Иметь детей (но числом не более двух) Корвину и Жозефине разрешили, но,
к явному неудовольствию куратора, все старания молодоженов шли прахом, да и,
как писал руководству тот же куратор, моральный климат в семье оставлял
желать лучшего. Молодая семья стала разваливаться, кто прав, кто виноват -
не разберешься, Иван бросал смутные намеки о неверности супруги, гораздо
больше основания имела для жалоб Жозефина, обладавшая отдельным каналом
связи и нытьем досаждавшая своим московским товарищам по борьбе. А они уже
поговаривали о том, что не пора ли на парткоме обсудить нездоровую
обстановку в семье сослуживца. Навели справки и горестно повздыхали: правда
выглядела убогой мелодрамой, Ивана застукали на интрижке с обыкновеннейшей
потаскушкой. Супруги стали жить раздельно, временами, правда, сходясь. От
Жозефины узнали много интересного, сопоставили ее донесения с тем, что муж
ее писал о себе, поскольку никогда не доверяли его отчетам, и не потому, что
на двадцать пять австралийских месяцев он выпал из наблюдения и контроля.

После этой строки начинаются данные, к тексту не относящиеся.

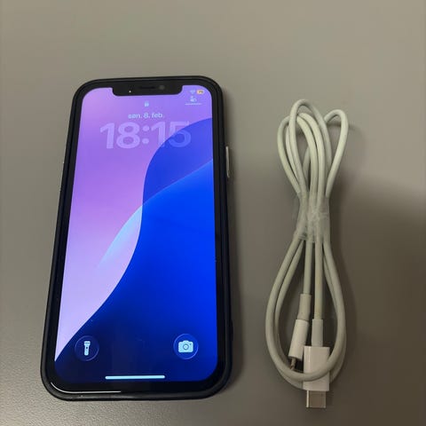 Apple iPhone 12 Pro Max mobiltelefon med 128 GB lagringsplass. Modellen har stor skjerm med frontkamera i øvre kant og trippelt kameraoppsett på baksiden. Enheten har flat kantdesign og glass på for- og bakside med metallramme. Lagringskapasiteten på 128 GB gir plass til apper, bilder, video og andre filer. Egnet som hovedtelefon til daglig bruk, foto, video og apper. 78 prosent batteri. Pent brukt.

Всякий профессионал прибегает в отчетах к уничижающему или возвышающему
стилю в описании своей работы, простейшая операция по выемке порою выглядит
на бумаге романтической историей с песенным финалом, а бывает, не
удостаивается даже строчки. (Профессионалы к тому же знают: чем полнее и
честнее донесение разведчика, тем с большим подозрением относятся к нему.)
По уверениям Жозефины, Кустова мучили головные боли, но о них он помалкивал,
за что его мягко пожурили, в ответ получив едкий вопрос: "Откуда эти
сведения?.." Постеснялись поэтому спросить и о том, что злило Жозефину: та
намекала на некоторую недостаточность Ивана в мужской сфере. Однако же
забавляться с девицами дефект этот супругу не мешал, он, видимо, сказывался
лишь на общениях с женой, и винить Жозефина могла только себя: с таким
пылким темпераментом да не расшевелить мужика!
В декабре же 1973 года произошло нечто странное. Фирма Ивана понесла в
Мексике жестокие убытки, безрассудно закупив громадную партию пылесосов
новой модели - в количестве, превышающем даже безумный спрос на них. Это
настораживало: не мог столь опытный, как Кустов, делец так грубо ошибаться,
не мог! Нищим, бродягою очутился в Австралии - а сколотил приличный капитал,
показал невероятную коммерческую изворотливость. А тут - опростоволосился,
имея прекрасное прикрытие - и финансовое, и правовое! Здесь что-то не то,
что-то не так - и в который раз приступили к проверке австралийской легенды
Кустова в его собственной интерпретации, попристальнее всмотрелись в
перечисленные Кустовым места для тайников и нашли крохотную ошибку, которой
раньше не придали значения: указанное им местечко будто бы для объемных
предметов годилось разве что под записочку. Затем стали допытываться, кто
помог ему стать богатым, и австралийская резидентура обещала найти доброхота
из ЦРУ. Тут же возникла и такая догадка: ФБР за пределами США действует с
оглядкой на свои и местные законы и, заподозрив Кустова, прибегло к
коммерческой дезинформации, чтоб разорить фирму и прибрать к рукам чересчур
удачливого дельца, на которого уже имелись кое-какие материалы. Версия эта
получила вскоре продолжение и подтверждение. В Будапешт пришла открытка из
Нового Орлеана: некто Джордж поздравлял племянника с окончанием колледжа.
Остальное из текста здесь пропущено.